When you reach the line below that has "公管学院的志愿者前往结对社区", start returning lines exactly, and stop after the line that has "Familie Goldinger zeigte"; skip the pictures.

-- Data for processing --
------------------------------------------------------------
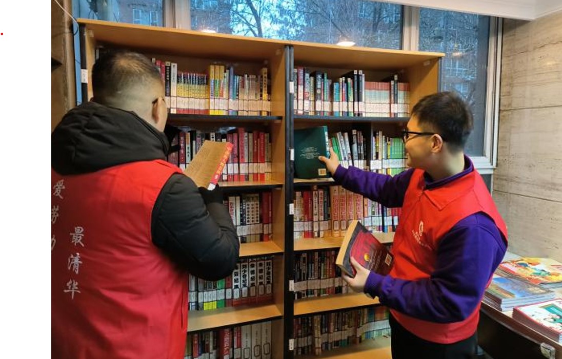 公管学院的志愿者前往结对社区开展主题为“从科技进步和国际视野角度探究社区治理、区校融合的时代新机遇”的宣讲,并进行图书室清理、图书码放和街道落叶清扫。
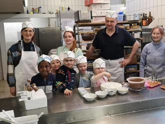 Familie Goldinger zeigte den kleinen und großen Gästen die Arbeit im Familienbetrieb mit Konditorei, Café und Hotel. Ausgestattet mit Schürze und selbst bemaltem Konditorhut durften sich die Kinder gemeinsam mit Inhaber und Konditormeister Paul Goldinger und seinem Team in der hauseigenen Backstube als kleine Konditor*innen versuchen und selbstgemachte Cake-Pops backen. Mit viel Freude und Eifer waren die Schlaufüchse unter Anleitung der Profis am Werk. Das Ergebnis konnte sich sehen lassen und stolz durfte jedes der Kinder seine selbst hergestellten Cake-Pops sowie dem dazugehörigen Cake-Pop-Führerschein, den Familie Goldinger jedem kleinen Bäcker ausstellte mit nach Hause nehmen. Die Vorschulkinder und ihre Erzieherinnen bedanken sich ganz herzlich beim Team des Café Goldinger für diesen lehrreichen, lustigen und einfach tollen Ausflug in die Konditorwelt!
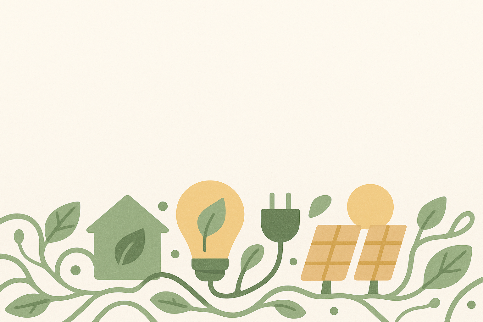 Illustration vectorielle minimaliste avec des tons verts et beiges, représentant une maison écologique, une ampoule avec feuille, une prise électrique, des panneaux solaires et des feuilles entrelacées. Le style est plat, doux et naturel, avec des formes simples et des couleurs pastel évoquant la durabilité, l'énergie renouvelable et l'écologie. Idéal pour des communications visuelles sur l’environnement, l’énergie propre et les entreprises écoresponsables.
------------------------------------------------------------
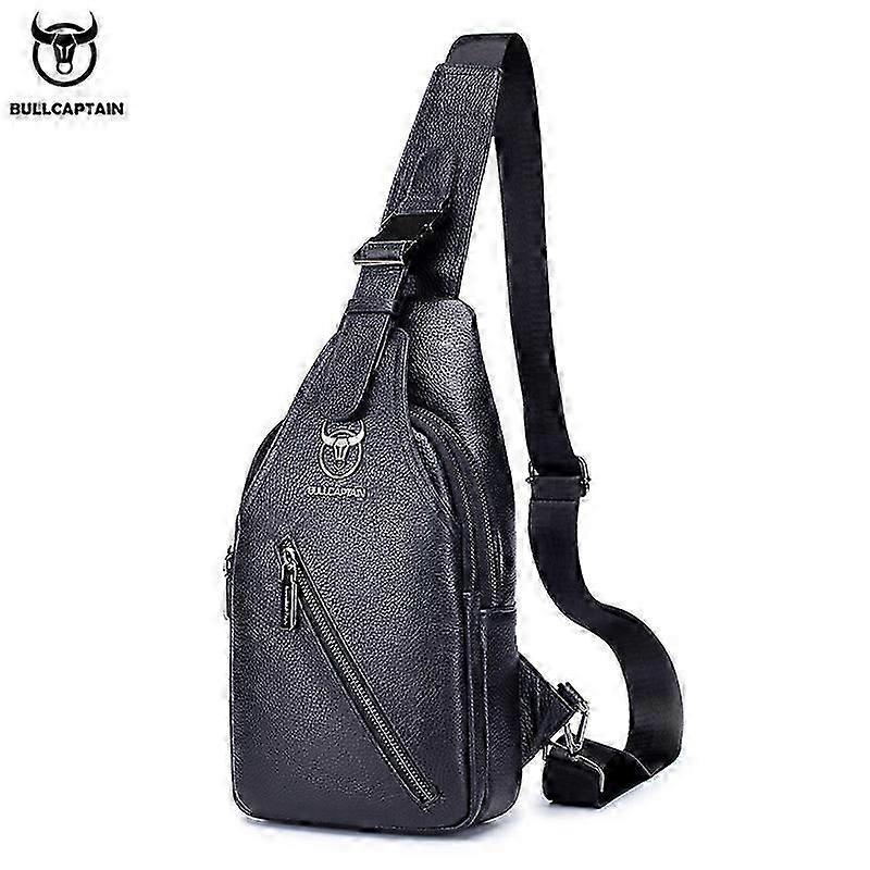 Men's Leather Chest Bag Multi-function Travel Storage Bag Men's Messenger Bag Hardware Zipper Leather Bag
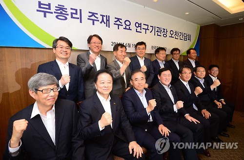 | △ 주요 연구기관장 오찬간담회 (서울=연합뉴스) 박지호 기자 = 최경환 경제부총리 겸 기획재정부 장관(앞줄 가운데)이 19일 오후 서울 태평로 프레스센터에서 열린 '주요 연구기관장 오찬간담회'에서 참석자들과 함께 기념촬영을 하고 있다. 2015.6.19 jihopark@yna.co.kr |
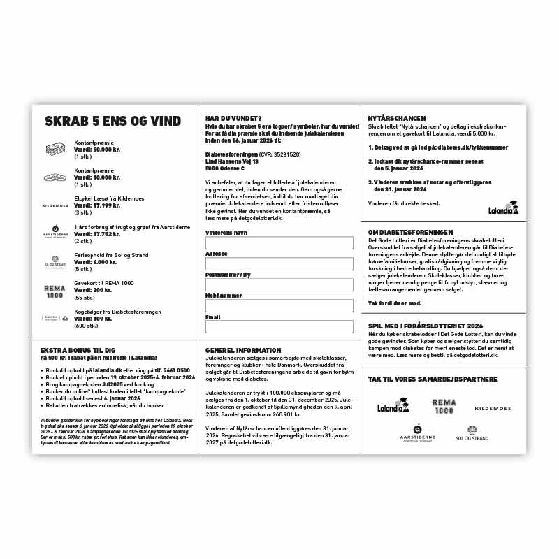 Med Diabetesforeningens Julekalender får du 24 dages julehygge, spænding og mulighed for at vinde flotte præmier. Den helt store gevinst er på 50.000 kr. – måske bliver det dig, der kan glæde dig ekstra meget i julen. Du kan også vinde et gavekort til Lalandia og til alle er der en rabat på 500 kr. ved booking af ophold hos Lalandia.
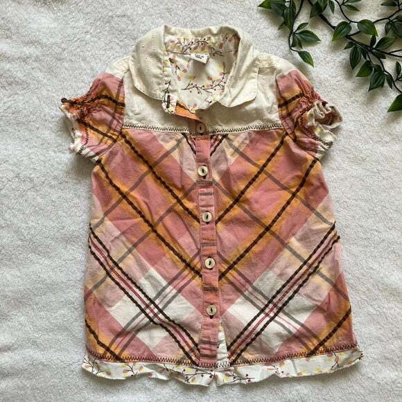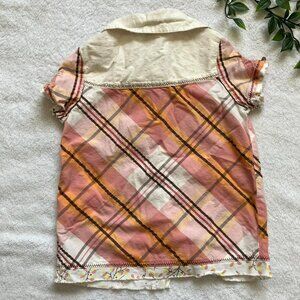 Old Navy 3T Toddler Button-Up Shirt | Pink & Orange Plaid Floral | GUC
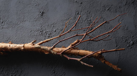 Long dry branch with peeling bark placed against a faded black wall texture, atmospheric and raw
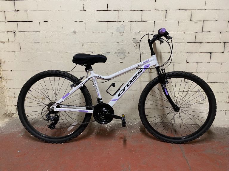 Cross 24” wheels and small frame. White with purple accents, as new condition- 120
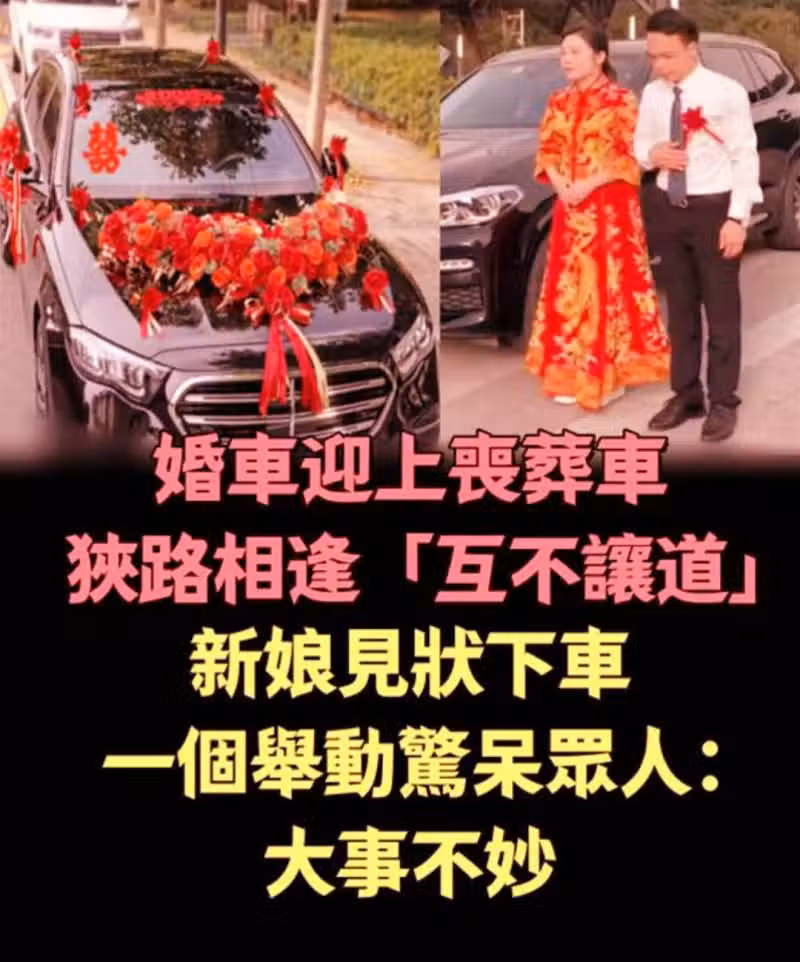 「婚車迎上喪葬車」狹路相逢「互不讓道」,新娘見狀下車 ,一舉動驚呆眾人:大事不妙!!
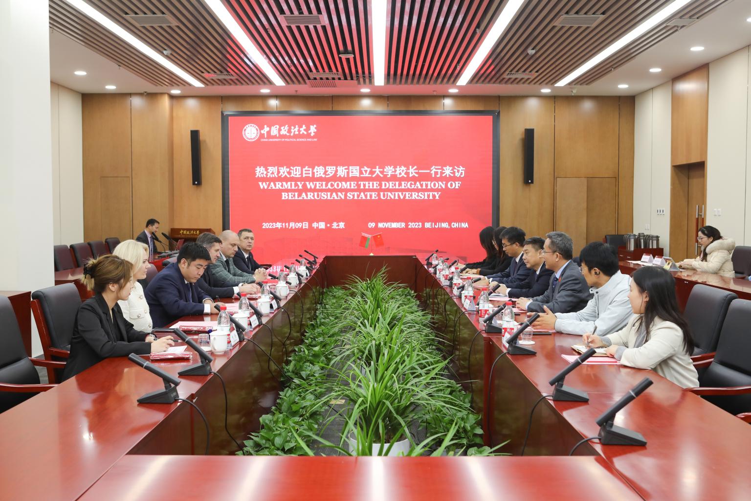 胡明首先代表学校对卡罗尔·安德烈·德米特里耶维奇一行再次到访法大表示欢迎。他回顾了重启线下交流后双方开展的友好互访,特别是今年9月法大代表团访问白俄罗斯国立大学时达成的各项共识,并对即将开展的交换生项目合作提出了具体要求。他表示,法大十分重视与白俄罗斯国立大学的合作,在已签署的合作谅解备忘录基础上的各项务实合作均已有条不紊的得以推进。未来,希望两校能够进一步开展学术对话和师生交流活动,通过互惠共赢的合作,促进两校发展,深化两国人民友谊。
------------------------------------------------------------
-- Task result --
 公管学院的志愿者前往结对社区开展主题为“从科技进步和国际视野角度探究社区治理、区校融合的时代新机遇”的宣讲,并进行图书室清理、图书码放和街道落叶清扫。
 Familie Goldinger zeigte den kleinen und großen Gästen die Arbeit im Familienbetrieb mit Konditorei, Café und Hotel. Ausgestattet mit Schürze und selbst bemaltem Konditorhut durften sich die Kinder gemeinsam mit Inhaber und Konditormeister Paul Goldinger und seinem Team in der hauseigenen Backstube als kleine Konditor*innen versuchen und selbstgemachte Cake-Pops backen. Mit viel Freude und Eifer waren die Schlaufüchse unter Anleitung der Profis am Werk. Das Ergebnis konnte sich sehen lassen und stolz durfte jedes der Kinder seine selbst hergestellten Cake-Pops sowie dem dazugehörigen Cake-Pop-Führerschein, den Familie Goldinger jedem kleinen Bäcker ausstellte mit nach Hause nehmen. Die Vorschulkinder und ihre Erzieherinnen bedanken sich ganz herzlich beim Team des Café Goldinger für diesen lehrreichen, lustigen und einfach tollen Ausflug in die Konditorwelt!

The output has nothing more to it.